The U.S. equity market found and Oil seems to have lost their respective “footing” in today’s trading. Seems oil traders are beginning to believe news reports of declining oil/gasoline demand due to higher prices. Thank goodness you have me, assisted by my trusty calculator, to cut through the propaganda. And speaking of propaganda, this was on Bloomberg News today:
“U.S. motorists cut back on gasoline purchases during last week's Thanksgiving holiday as prices stayed above $3 a gallon, a report from MasterCard Inc. showed.
Consumers purchased an average 9.32 million barrels of gasoline a day in the week ended Nov. 23, down 1.7 percent from the same week last year, MasterCard, the second-biggest credit- card company, said in its weekly SpendingPulse report.
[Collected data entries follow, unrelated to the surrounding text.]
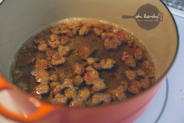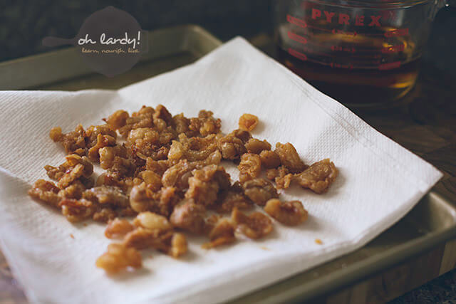 Finally! 2 and a half hours later, my cracklings finally sank indicating that the rendering process is complete!
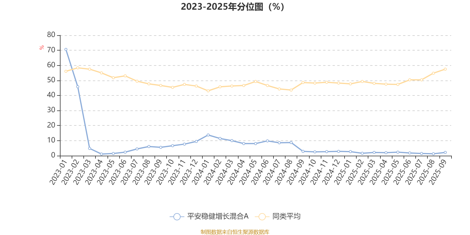 通过所选区间该基金净值增长率分位图,可以观察该基金与同类基金业绩比较情况。图为坐标原点到区间内某时点的净值增长率在同类基金中的分位数。
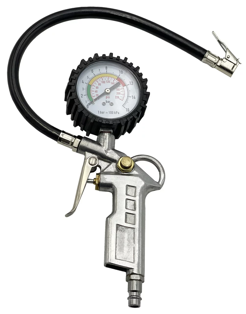 - Пістолет для накачування шин з манометром — дозволяє контролювати та підтримувати потрібний тиск у шинах.
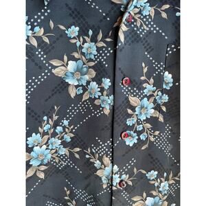 Sage Men's Vintage 70s Hawaiian Sports Wear 100% Polyester Floral Black Medium
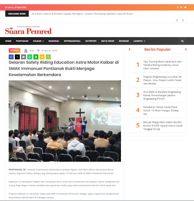 Gelaran Safety Riding Education Astra Motor Kalbar di SMAK Immanuel Pontianak Bukti Menjaga Keselamatan Berkendara by masmul 18 Maret 2026 in Silahkan kunjungi https://www.suarapemredkalbar.com/read/potret/18032026/gelaran-safety-riding-education-astra-motor-kalbar-di-smak-immanuel-pontianakbukti-menjaga-keselamatan-berkendara. You Might Like Regional Public Launching New ADV160 The SUV Pride Grand Launching New PCX 160 Truly Exceptional! Tetap hati-hati ya bro sist berkendara saat hujan.
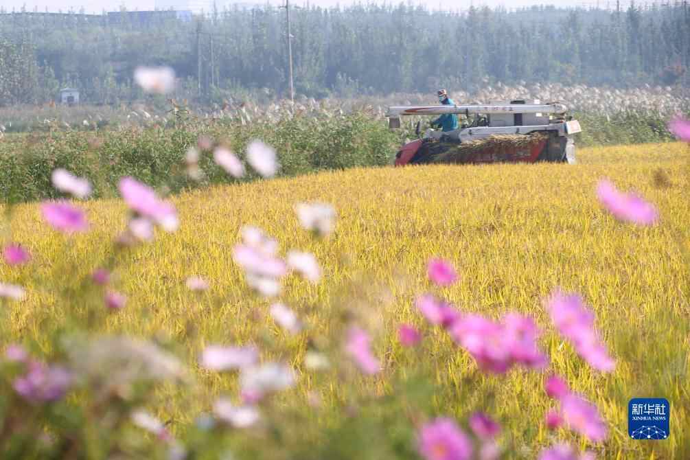 10月11日,村民驾驶收割机在山东省济南市槐荫区吴家堡街道七里铺村收割水稻。
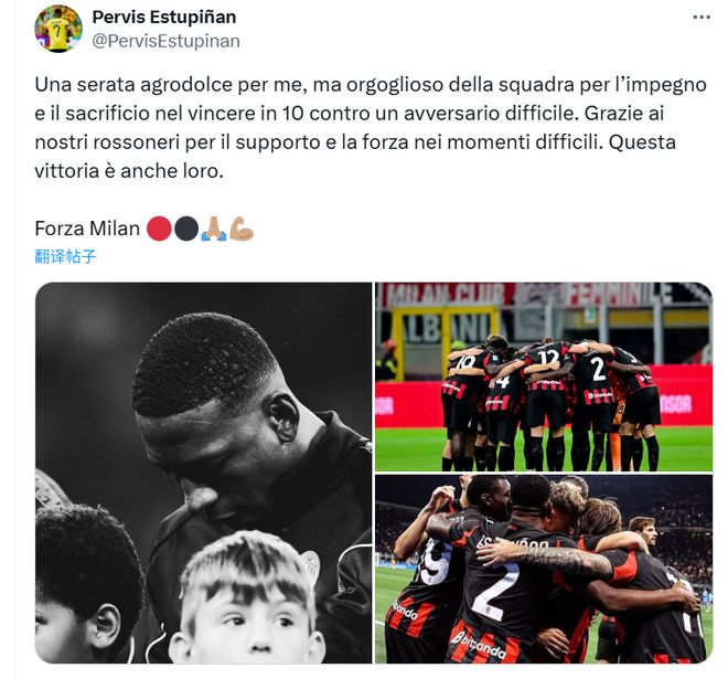 雷速體育9月29日宣 米蘭在本輪意甲焦點(diǎn)戰(zhàn)中2-1擊敗那不勒斯,新援左后衛(wèi)埃斯圖皮尼安首發(fā)出戰(zhàn),但在下半場送出紅點(diǎn)套餐。賽后埃斯圖皮尼安更新了社媒:“這是一個苦澀又甜蜜的
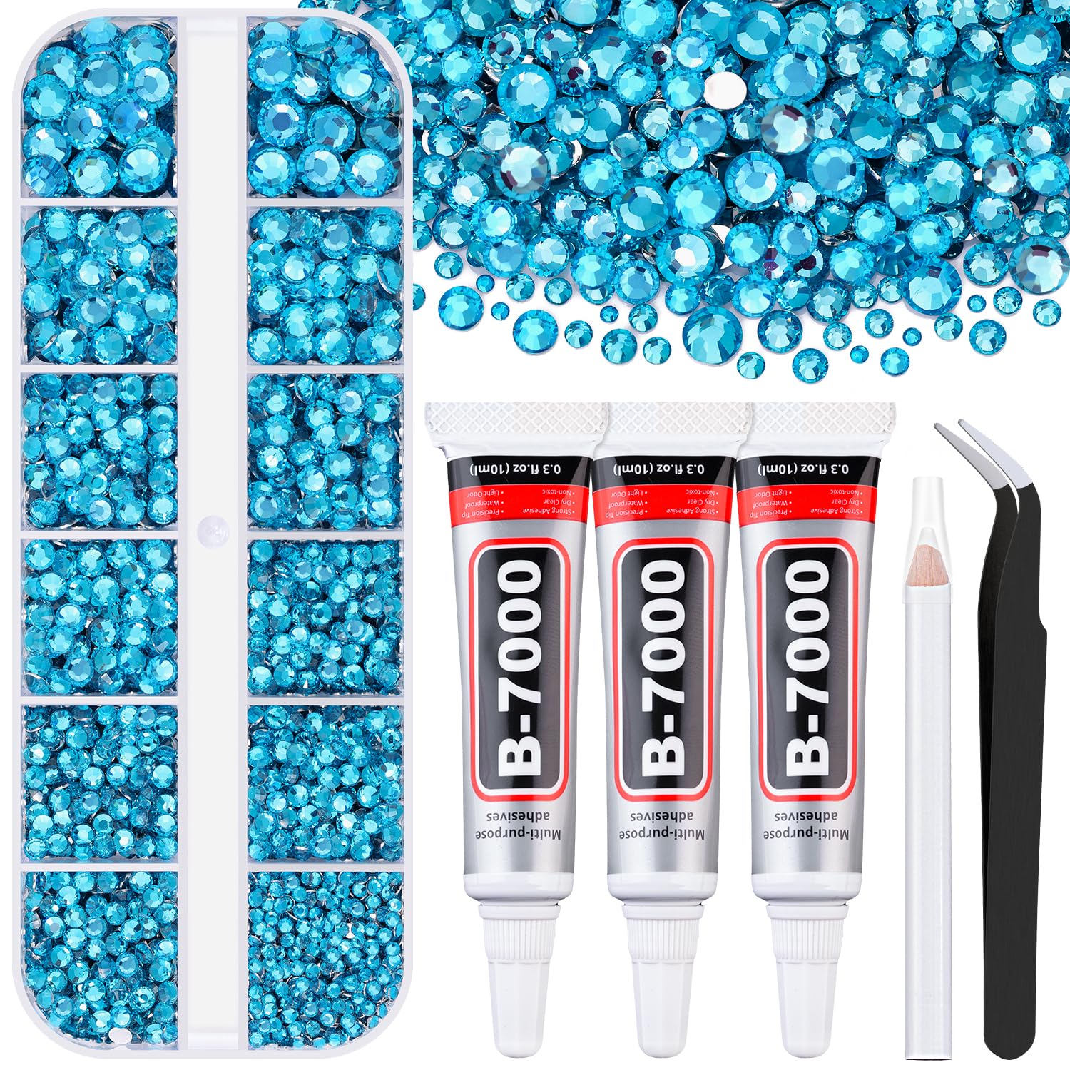- WHAT YOU WILL GET -- The package includes 1 box of flatback rhinestones with 12 grids in diffrent sizes(2/3/4/5/6mm). 1 tweezers for large size gems, 1 pickup pen for small size gems. 3 B7000 adhesive jewels glue for jewelry making
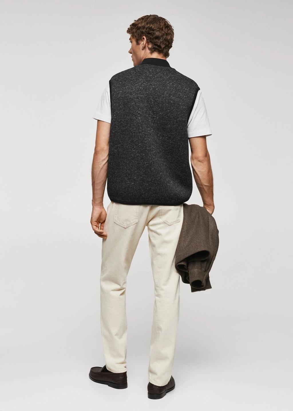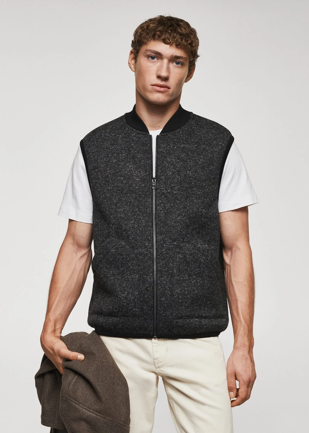 slim-fit, jaspe, sans manches, col bomber en maille cotelee, fermeture eclair a l’avant, deux poches avant, le mannequin mesure 190 cm et porte une taille mComposition: 100% polyester
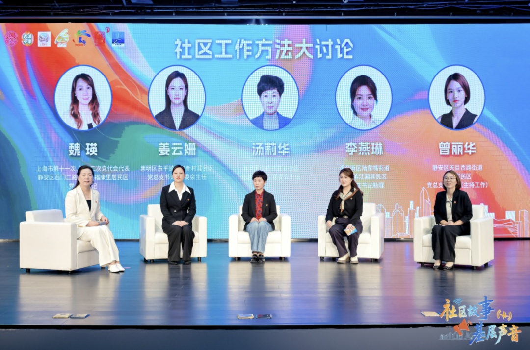 社区工作方法大讨论环节中,在静安区石门二路街道新福康里居民区党总支书记魏瑛的带领下,嘉定区江桥镇嘉豪社区党总支书记、居委会主任汤莉华,崇明区东平镇前进新村居民区党总支书记、居委会主任姜云姗,静安区天目西路街道卓悦居居民区党总支副书记曾丽华,浦东新区陆家嘴街道仁恒滨江园居民区党总支书记助理李燕琳等4名社区工作者围绕深入开展“四百”大走访活动中的具体做法,相互探讨如何做实联系服务群众工作。
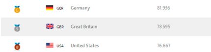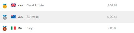 19:00. в заезде распашных четверок "золото" завоевал британский экипаж. Вторыми финишировали австралийцы. А "бронза" у итальянцев
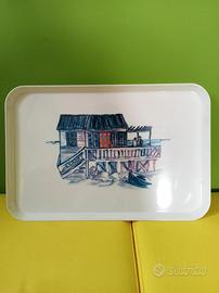 Vassoio in resina bianca decorato con una casetta sulla spiaggia.
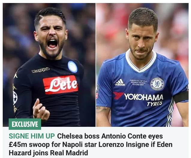 Il motivo: le avances del Real Madrid per Eden Hazard. Se Abramovich dovesse vendere il campione belga, il tecnico italiano vuole il gioiello del Napoli per la sua sostituzione.

It was the fifth consecutive week that demand at the pump dropped compared with a year earlier.” Bloomberg News, November 26, 2007
Now that’s really interesting because according to EIA data:
(you can read the table yourself here: http://tonto.eia.doe.gov/dnav/pet/hist/rbob-nyhW.htm)
Wholesale prices for RBOB Gasoline finished the week ended 11/16/07 at $239.150, and;
Wholesale prices for RBOB Gasoline finished the week ended 11/17/06 at $156.036
A price increase of 53.26% yielded a demand decline of 1.7%? Or did a SUPPLY decline of 1.7% require a 53.26% increase in price in order to bring supply and demand into equilibrium?
And that begs another question: Did the price increase really bring supply/demand equilibrium, or was the rise in prices cushioned by drawing down inventories?
Hmmm… The plot thickens… So let’s go to the video tape! (or to the EIA data base, as it were)
RBOB Gasoline inventories as reported by the EIA, week ended 11/17/06: 42,747,000 barrels
RBOB Gasoline inventories for week ended 11/16/07: 40,446,000
The plot gets thicker… let’s have a look at finished gasoline products (not just RBOB)
EIA total gasoline inventory week ended 11/17/06: 110,431,000
EIA total gasoline inventory week ended 11/16/07 104,516,000
The plot is as thick as frozen molasses at this point. Let me sum up the disparate data:
1. Wholesale gasoline prices increased 53.26% year over year
2. “Demand” fell 1.7%, according to Bloomberg
3. Inventories declined 5.35%
4. Retail gasoline prices increased 38% (per Bloomberg)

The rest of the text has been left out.